I’m insecure about not being pretty enough or skinny enough
Worry Jar
I have no friends life sucks right now
My parents are always swearing on me… I honestly feel like I get bullied home more then i ever was at school or somewhere…. I enjoy leaving the house for school or something, just to get away from them… They don’t understand or care about me and I just don’t know what to do…. I forgive them way to easily, and idk if that’s a good or bad thing… Im just so confused, scared and sad…. This app helps me get my worrys out when I feel I have no one i can talk to about them.
I’m afraid that no one likes me
I miss the old me. Anxiety really sucks
I think I might be Demisexual, but I have no idea how to come out when the time comes…. My school is bad enough with gay jokes- how would I explain Demisexuality?
I’m worried that I’ll never find anyone… No friends… No boyfriend because every guy that I ever dated left me because my anxiety and p.t.s.d. Was to much…and im bisexual and I’m scared to tell anyone… Cuz I’m scared they will make fun of me 🙁
That people will treat me differently if they found out I had an eating disorder. My nan treats me differently and I hate it.
I worry constantly that I can’t live up to the expectations of my parents.
I’m worried my friends aren’t really my friends. I’m paranoid it’s all some big joke and they actually hate me. I trusted them with so much I feel as if I’m annoying and the person everyone kinda tolerates to be around.
I can’t open up to the social worker. I’m scared I’ll hurt myself because I can’t tell her how I feel.
I’ve been stuck with a bet that could make me lose my only friend
I’m really worried that people will judge me and think I’m gross because of some stretch marks I have.
I have to lie to my parents about feeling sick so I don’t have to go to school and face having anxiety attacks all day I just feel like I can’t even get out of bed in the mornings anymore
I worry that people read my thoughts, and can see what I’m thinking…
I’m doing a speech on mental Illness, in it I let out that I am Bi-polar. My mom is a teacher and is adamant about me not sharing anything. I don’t want her to lash out at me, I don’t like yelling.

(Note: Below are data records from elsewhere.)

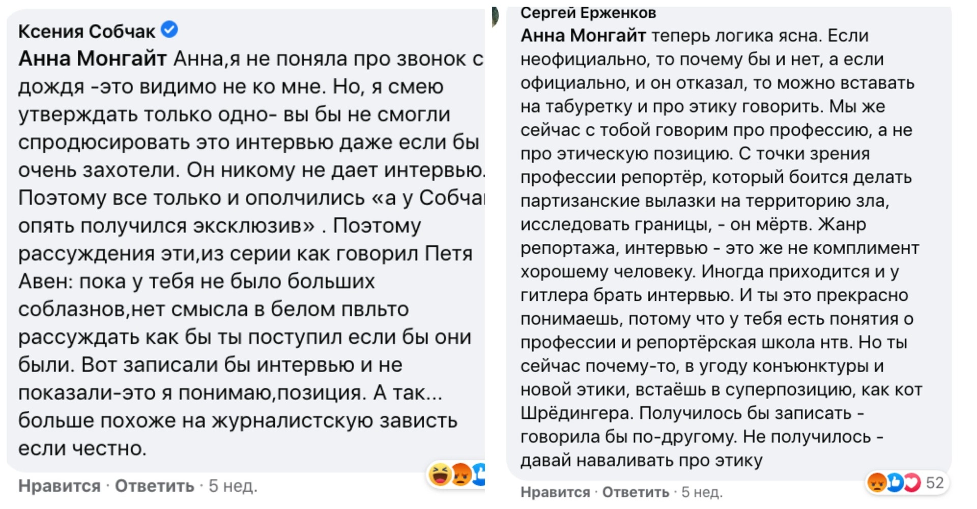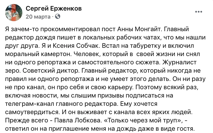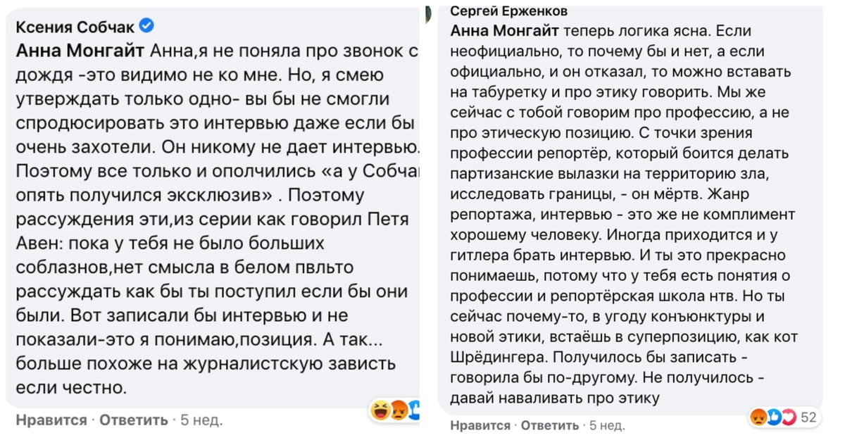 Несмотря на все заверения Монгайт, что «Дождь» «не хотел брать [у Мохова] интервью, даже не пробовал», Ерженков слово в слово повторял тезисы Собчак о журналистской зависти.
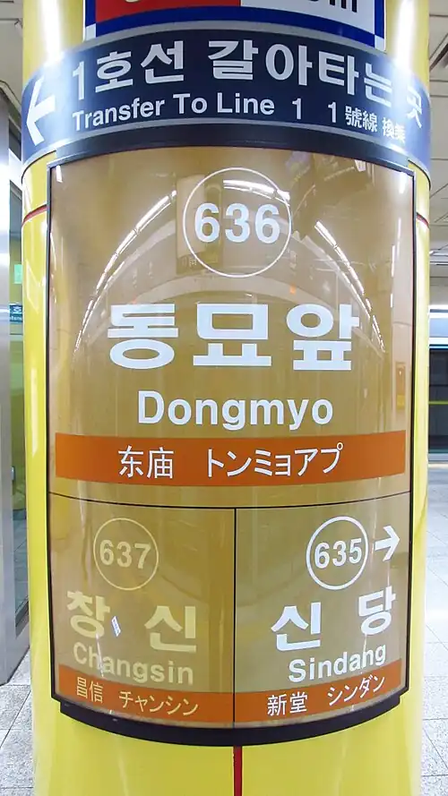 | Hangul | 동묘앞역 | |||||||||||||||||||||||||||||
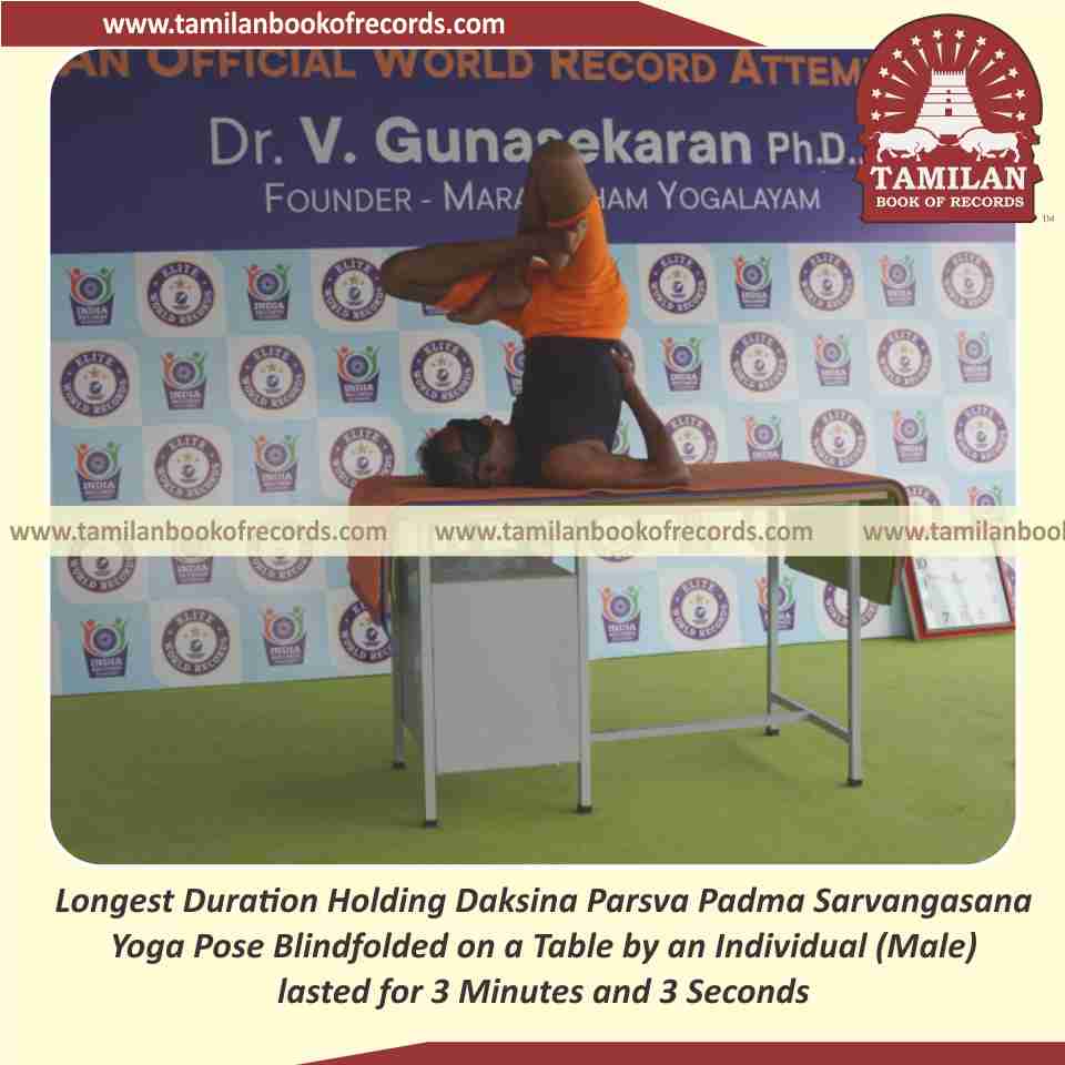 Longest Duration Holding Daksina Parsva Padma Sarvangasana Yoga Pose Blindfolded on a Table by an Individual (Male)
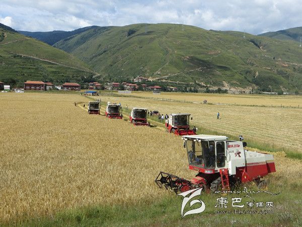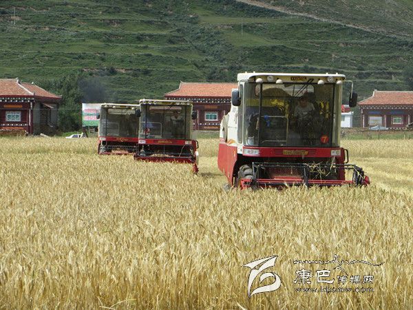本網(wǎng)訊(胡筱紅 龍正芳 文/圖) 高原的八月是絢麗多彩的時節(jié),是糧食收獲的季節(jié)。爐霍縣300畝全程機械化青稞作業(yè)示范片項目機收工作于8月20日正式啟動,共出動大型聯(lián)合收割機5臺、拖拉機5臺同時作業(yè),正常情況下一臺收割機一天可以收割65至70畝,青稞示范片不出5天就能完成收割。對比以往的種植和收獲方式,全程機械化作業(yè)從播種到收獲帶來的社會效益及經(jīng)濟效益都遠遠高于傳統(tǒng)種植方式。
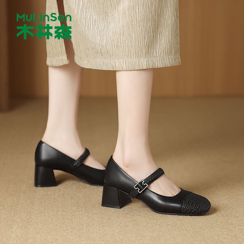 2025新款 温柔配裙子高跟鞋 春秋时尚 中粗跟单鞋 百搭法式 玛丽珍女鞋
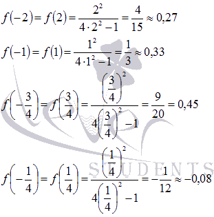 Для нашего примера найдем значения функции в точках х=-2, х=-1, х=-3/4, х=-1/4. В силу четности функции, эти значения будут совпадать со значениями в точках х=2, х=1, х=3/4, х=1/4.
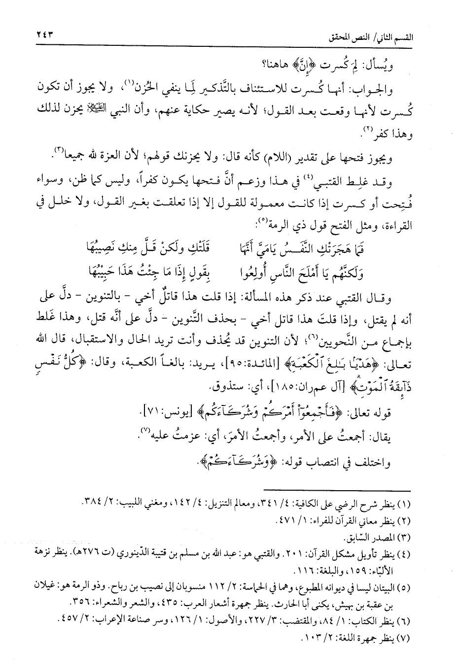 وقد غلط القتبي في هذا وزعم أن فتحها يكون كفراً، وليس كما ظن، وسواء فتحت أو كسرت إذا كانت معمولة للقول إلا إذا تعلقت بغير القول، ولا خلل في القراءة، ومثل الفتح قول ذي الرمة:
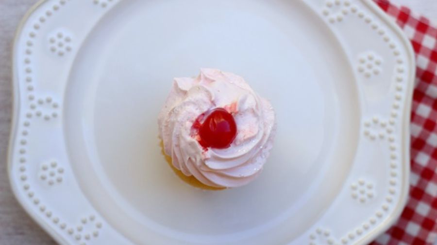 Puedes usar cerezas o fresas para rellenar los cupcakes.
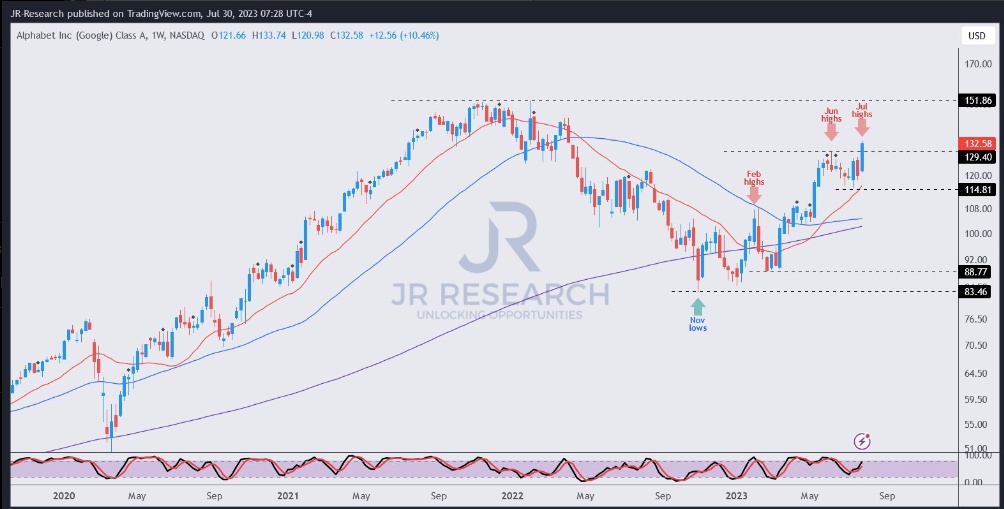 因此,上周的突破得到了维持,这表明谷歌在7月份的底部应该会为其继续复苏并重新获得2022年初的高点(150美元区域)提供关键支撑。
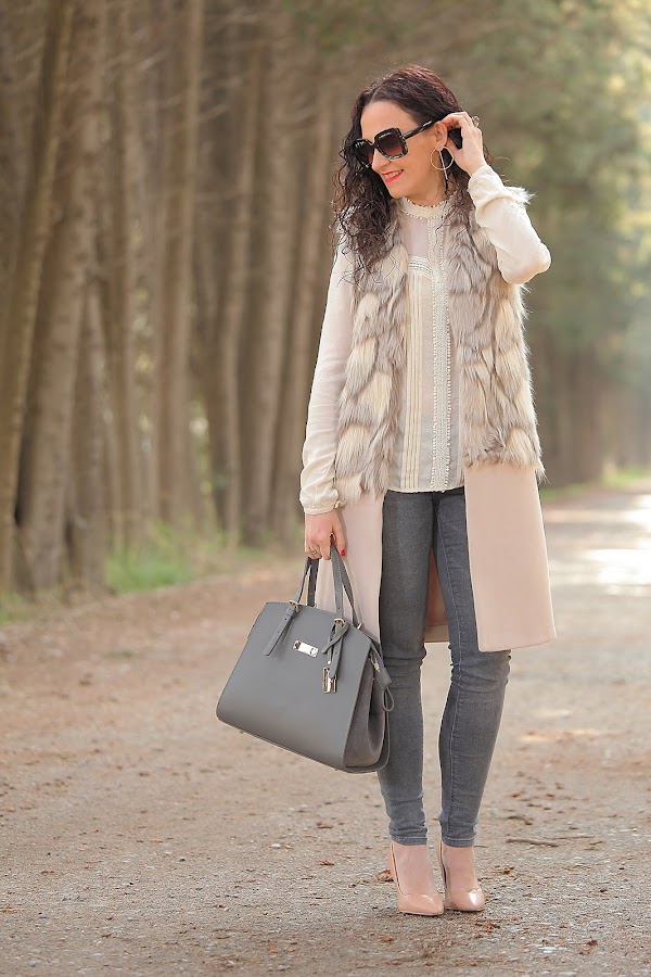Hoy os enseño el look que llevé el domingo pasado y que muchas de vosotras ya visteis en mis redes. Como nos hizo un día de sol buenísimo aproveché para ponerme este chaleco que combina paño con pelo sintético. Es de esa clase de prendas que me gusta por lo versátil que es, ya que lo puedes llevar tanto a modo de chaleco, como os lo veis hoy, o con una biker de piel chocolate debajo quedando también ideal.
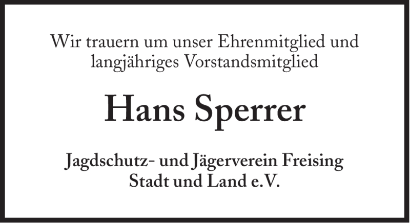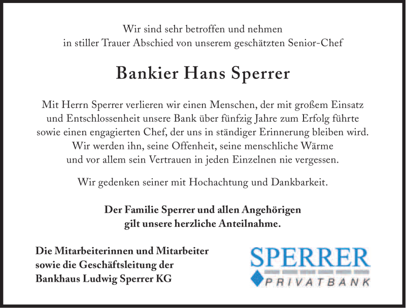 Hier finden Sie alle Traueranzeigen aus der Zeitung, die bisher für Hans Sperrer erschienen sind. Weitere Traueranzeigen, die in der Zeitung erscheinen, werden hier ebenfalls aufgelistet
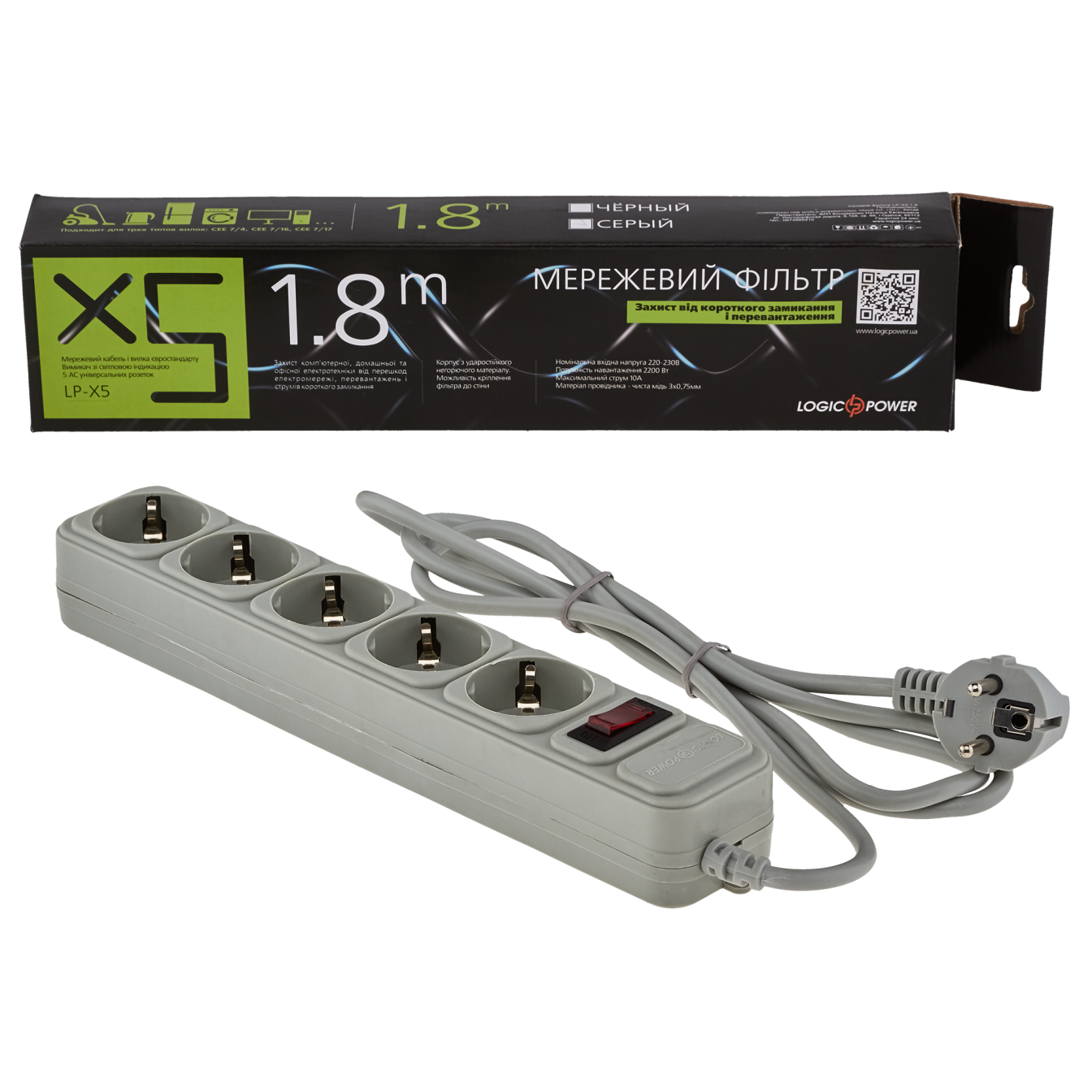 Мережевий фільтр LP-X5, 2 м Grey

if I kill myself, my parents would loose it. they would cry and grief. I don’t want them to that. i want them to understand that I didn’t want to exist anymore, that I don’t want to be alive anymore, that I’m hurting and suffering. I just don’t understand why I’m in this earth, and why I’m so miserable. who would put me in this situation? I don’t know. I just want to commit already so I can stop hurting.
i feel like it woukd just be easier to be straight than be a lesbian like i am andi think those thoughts are making me falsely fall for guys and i want a girlfriend so badi want to have to have some one to hold and someone to kiss and someone to cre about me just as much as i care about them and actually want to hang out with me and understand me and my weird thoughts and i dont think ill ever get that
I’m supposed to be in the 9th grade this year but so far I haven’t been able to make it to a single class. I’m losing interest in all the things I love and feel like there’s no point. I’m falling deeper and deeper into depression and I’m afraid I’ll never get out
I’m always the one left out in the group. They all seem to hang out without me, maybe they don’t want me there at all??